Using TF*IDF Analysis To Write Clearly Defined Content

U

If you’re reading this post then you are either 1) similar with the term or 2) have absolutely no idea and you’re twisting your brain to understand how it’s relevant to SEO.

If you find yourself sitting in the number 2 category then this is a fantastic opportunity for you to hop on board the TF*IDF wagon and to start utilising this analysis as part of your content recommendation plan and roadmap. It’s all opportunity and when I was first introduced to the process, it excited me, I mean, it really excited me. I took the idea and then developed my own tool that automated the process for me.

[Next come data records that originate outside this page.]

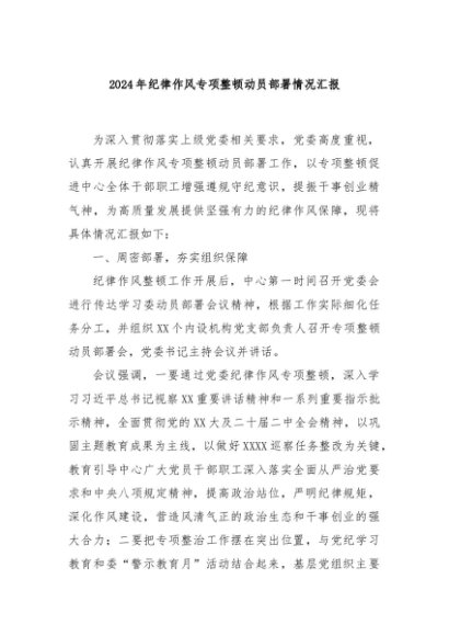 / 【七哥公文】2024年:2024年纪律作风专项整顿动员部署情况汇报+更多免费公文+VX:QiGeGongWen2024
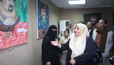 وطافت القائمة بأعمال الوزير ومعها رئيس المنتدى خالد الجنيد ورئيس الجبهة الوطنية لمواجهة العدوان الدكتورة ابتسام المتوكل باجنحة المعرض الذي يضم نحو 40 لوحة تشكيلية من الكريلك من إبداع 9 فنانين تشكيليين تجسد في محتواها بشاعة القبح ورموز الطغيان والمرتزقة الذين أيدوا وساعدوا العدوان الهمجي الغاشم على اليمن واستهداف المدنيين والابرياء والتي تأتي ضمن مسلسل جرائم الابادة الجماعية التي اقترفها ويقترفها العدوان السعودي الغاشم على اليمن ارضاً وإنساناً وحضارة وتاريخ ومنشئات وبنى تحتية وذلك منذ أكثر من 7 أشهر مضت، أسفرت في حصيلة أولية عن استشهاد وجرح اكثر من 20 ألف مدنيا معظمهم من النساء والأطفال .
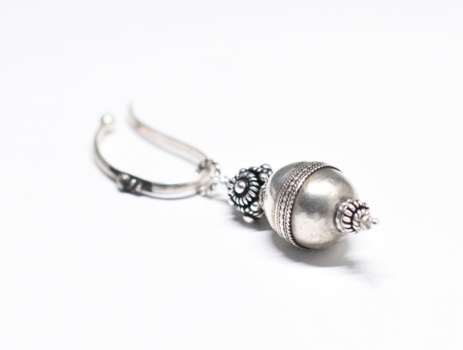 ぷっくり民族ヴィンテージシルバー、繊細細工のシルバービーズを繋いだインドシルバーイヤーカフです。
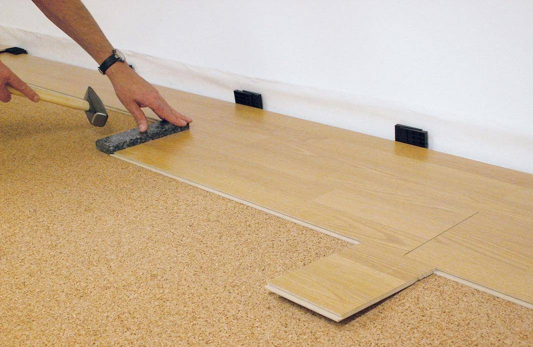 Технология укладки предполагает необходимость крепления ламината посредством замков, если необходимо используют молоток с целью уплотнения изделий.
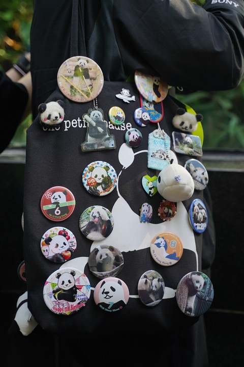 12日、日本のファンが提げていた、シャンシャンのバッジで飾られたバッグ。(成都=新華社配信)
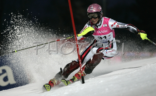 Zagreb ,Croatia - 04.01.2007 : Sandrine Aubert of France skiing in first run of Women Alpine skiing slalom FIS World Cup in Zagreb, Croatia. Snow queen trophy in Zagreb, Croatia was held in Sljeme, Croatia on 4th of January 2007. Photo by: Primoz Jeroncic/PhotoSI
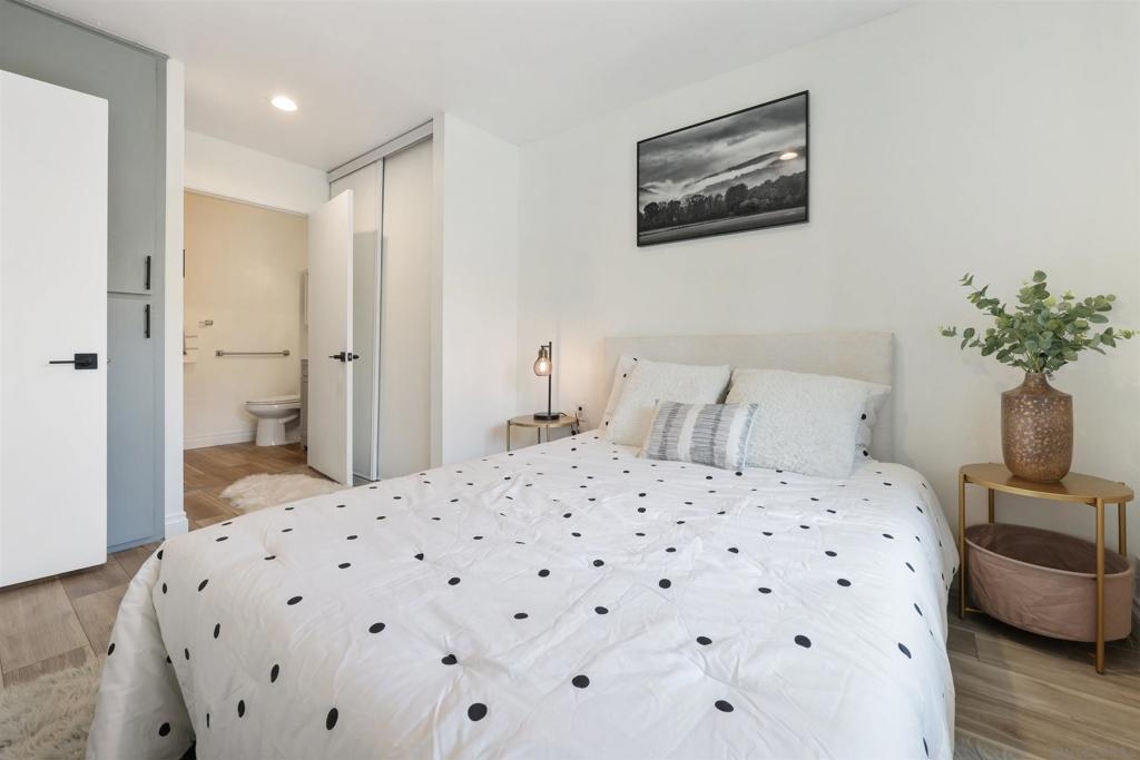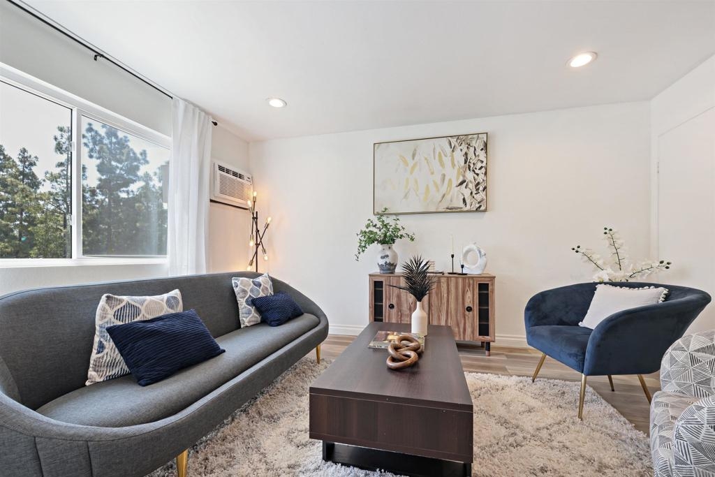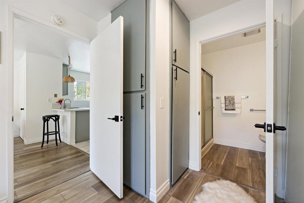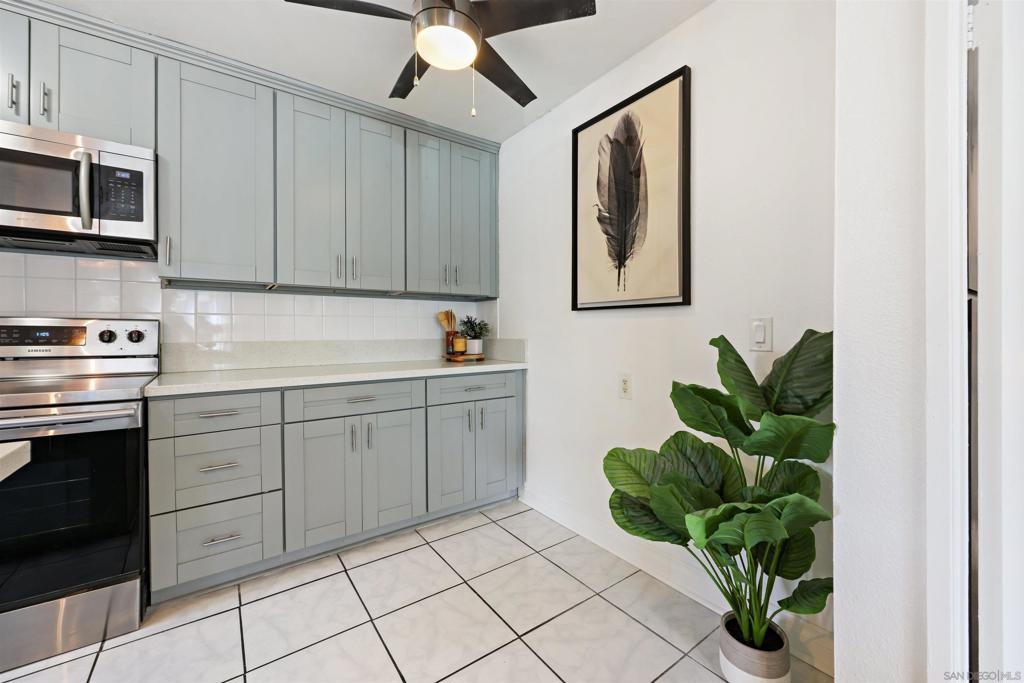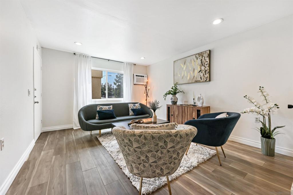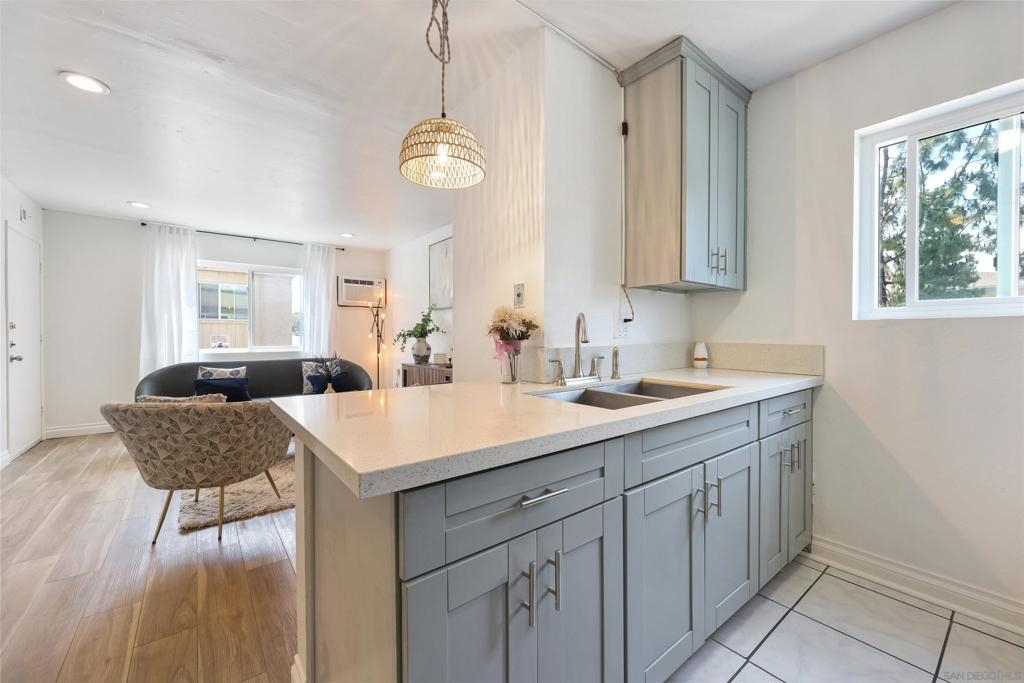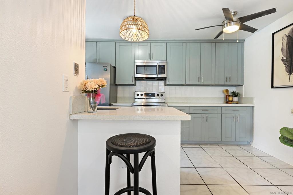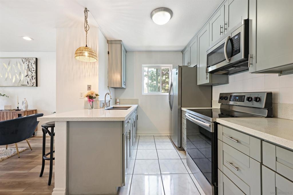 City living at its best in this 1 bedroom fully remodeled end unit with solid stone countertops and luxury vinyl wood grain flooring. Mesa Greens has some of the lowest HOA dues in the city and includes trash, water and sewer. Newer cabinets and all appliances convey, furnishings negotiable. If you love walkability to the community and the famous Kroc Center, this home is perfect. You are minutes from freeways, SDSU, downtown and beaches. You will rarely find a remodeled unit under 400k. Community laundry room nearby but with HOA approval, you could possibly add stackable unit to living room closet.

Occasionally in SEO you find a golden goose, something that just WORKS, and I believe this strategy, for me, is one of them. It’s a combination of science and art, as content needs to be relevant for both search engines and users right? This TF*IDF process allows us to unravel sets of content to understand it’s intent and why Google deems a specific piece of content to have a great user experience attached to it, hence why it has a high position. We can then use the sets of content (one words, two words, three words) to identify frequent queries, synonyms, content gaps and silo’s that creates a specific intent path. Is it an informational intent? Is it a transactional intent? You’ll be able to get to grips of this from the queries, synonyms and adjectives that are used in the content to create a numerical statistic to determine how important a specific word or phrase is within the document. You can take these learnings to improve your own content.

You’re probably thinking … ah, it’s just keyword density! NO.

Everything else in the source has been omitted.